Rating: Summary: Thanks Gina Review: As a new mother I had dutifully attended my antenatal classes and tried to take on board the current thinking of supply and demand feeding. Towards the end of my pregnancy I ended up being in hospital and my husband kept me supplied with baby books to relieve the boredom. This book out of all of them struck me as common sense- a complete contradiction to modern chapter and verse issued by health visitors! Even the midwives in the hospital saw it, and those with children agreed that establishing a routine was a good idea for you and your baby!!My husband works days away from home and I was determined that I would cope with the demands of a new baby on my own and at some stage return to my job as a shift worker. I stuck rigidly to Gina's routine and it worked without any effort. Yes it seems strict but I have had a baby that from the age of 3 months has slept from 7pm-7am. The other huge benefit has been that on this routine you get a 2 1/2 hour rest at lunchtime each day. I didn't find many other mothers doing supply and demand feeding that could boast that. Yes my baby might have been a good baby anyway but my advice is try it, it might just be the lifeline you need. Everyone I know that's tried it swears by it. Thanks Gina.

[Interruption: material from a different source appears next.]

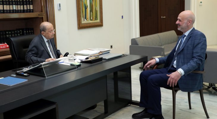 استقبل رئيس الجمهورية العماد ميشال عون بعد ظهر اليوم في قصر بعبدا، وزير الداخلية والبلديات القاضي بسام مولوي وعرض معه الأوضاع العامة في البلاد عموما، والأوضاع الأمنية خصوصا، إضافة الى عمل المديريات التابعة لوزارة الداخلية، كما تناول البحث موضوع الانتخابات النيابية المقبلة والإجراءات التي تتخذها الوزارة.

Rating: Summary: It's the best ever! Review: I've read BabyWise and No Cry Sleep Solution. I tried both methods... it didn't work! Frustrated, puzzled and sleep deprived, when a friend told me about this book, I was real desperate. With a bub of 3 1/2 months, after 3 days of using Gina's routine, it worked! It's a miracle. The lil one is extremely happy and contented..he even laughs during his bath time.. as if he's looking forward to a 7pm to 7pm sleep time. Get this book...and be very disciplined! It won't work if you're not disciplined in terms of sleep and feed training. You will have no life for a while, but in the long term, you'll find you worry less about your child's well being. They'll be independent and happy.